Right now, I have 227 texts on my phone from my fiancé. They are our love letters. They are short, but I don’t erase them, because—even though neither one of us is any sort of Hemingway—to me, they are sweetly worded and perfect and I want to keep them forever. I won’t, though. One day my inbox will be full or my phone will break, and I will lose them, and then neither history nor I will have the written proof that yes, the man who writes to me writes beautifully and yes, we were moved to say lovely things, every day.

I wonder: Will I remember what they said? Will I recall how much I loved them? Will I one day tell people about the notes he sent me, rather than taking down a box of notes, like the one my grandmother showed me? (Those notes, by the way, showed me who my grandfather was in a way I’d have never guessed.)

I read something from Penn State, which has its own collection of Hemingway’s private letters, that said it best: Only such honest, personal things as letters can “provide an especially intimate view of the man behind the mystique.”

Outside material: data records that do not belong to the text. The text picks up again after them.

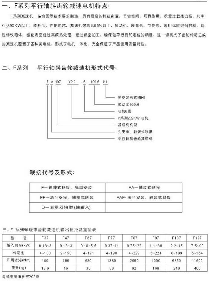 概述特點(diǎn)型號(hào)表示法聯(lián)結(jié)代號(hào)及形式輸出扭矩及重量表
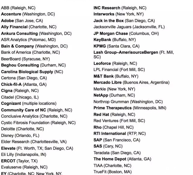 根据北卡州立大学发布的报告--“MASTER OF SCIENCE IN ANALYTICS EMPLOYMENT REPORT – CLASS OF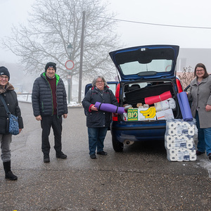 Das Auto wurde fast zu klein, als Frau Haunold von der Caritas Linz die gesammelten Sachen für das Helpmobil abholte.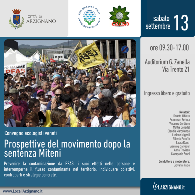 Comunicato Ambiente, Ecologia Biblioteca e Cultura Comunicato, 5 Settembre 2025 Ecofesta InArzignano: importante convegno sulle prospettive dopo la sentenza Miteni
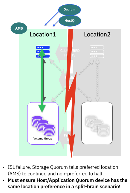 In this situation, because we are running active/active clustered applications or OS, care should be taken to ensure that any preference that can be applied to the “HostQ” witness/quorum device matches the AMS! You want both to make the same decision clearly!

I wonder if future generations will ever find the intimacy of our lives, since our world—where we try to be droll in 140 characters, where we’ve deleted the photos we didn’t like, where moment-to-moment thoughts get erased, where Facebook shows snapshots of smiling faces and banal complaints about Monday mornings and long lines at the oil-change place—isn’t concerned with posterity, or even an honest portrayal of ourselves for ourselves.

Will they know who were were, or will the Age of Informatics actually be the Dark Ages when it comes to real knowledge about who were are?